How it works
Before The Election
Before an election commences, the election authority generates a set of pairwise distinct tracking codes. These tracking codes are then hidden (via encryption) and the set is mixed. For each registered voter, an encrypted tracking code is randomly assigned, and as this code is encrypted, no one can determine which tracking code is assigned to any particular voter. Besides, the secret data required to reveal the tracking code is computed and kept hidden by the authorities. All calculations are verified by external auditors. It is important to perform these steps before an election begins, in order to ensure that each voter has been assigned a unique tracking code.
How To Vote
When an election begins, you may access the voting page and choose a candidate. After you confirm your choice, your vote is first encrypted before being sent over the network to the election server. From there, the encrypted vote is tied to your account in the database, and to its encrypted tracking code.
The Tallying Process
When the election ends, the tallying process can commence. The election authority retrieves all encrypted pairs consisting of trackers and their respective votes. The election authority then performs a verifiable shuffle on these pairs and decrypts and reveals the trackers and the votes that correspond to them. These pairs are displayed in the clear. Again, these calculations are audited in order to ensure that they were carried out correctly. At this point, no one knows his\her tracking code. The voter is now faced with two options as explained below.

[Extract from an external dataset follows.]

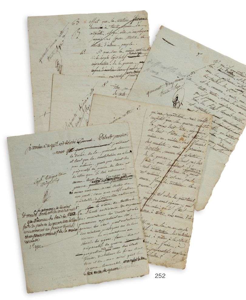 Fragments des interventions de Mirabeau dans la discussion de la question constitutionnelle de savoir si la Nation doit déléguer au Roi l'exercice du droit de la paix et de la guerre. Un important fragment de 12 pages (sur 3 feuillets doubles, numérotés 2, 8 et la conclusion), signé et daté du 18 mai 1790, provient du brouillon de son discours prononcé le 20 mai 1790 à l'Assemblée Nationale, dicté à deux secrétaires différents, et fortement corrigé par Mirabeau | trois pages sont le brouillon du projet de décret présenté le 22 mai, après un nouveau discours. Les textes ont été recueillis dans les Œuvres de Mirabeau.

Option 1: Verify Your Vote
After all votes have been published with their tracking codes, the election authority needs to give you the secret data computed in step 1, to let you retrieve your tracking code. As a reminder, before the election starts, the secret information required to open the tracker on your side was computed and kept hidden. This information can now be sent over to you. This data can only be used by you to compute your own unique tracking code. You can now compute this code and check if your vote has been recorded correctly.
Option 2: Deny Your Vote
If someone is asking you to reveal your vote for any reason (coercion, vote buying), it is possible for you to deny your vote. Indeed, as the list of trackers and votes are available after the tallying process, you may choose any tracking code that will please the coercer and ask to be notified with this tracking code instead of your code. Selene will compute fake secret data which will open to the tracking code of your choice.
Privacy
We care about your privacy. As explained above:
- Your vote is encrypted before being sent to the server,
- We store your encrypted vote and we mix it before decryption to remove links to your identity,
- Only you have access to your unique tracking code, and you may produce a fake one in case of coercion.
Selene was devised at the APSIA research group of the SnT interdisciplinary center at the University of Luxembourg.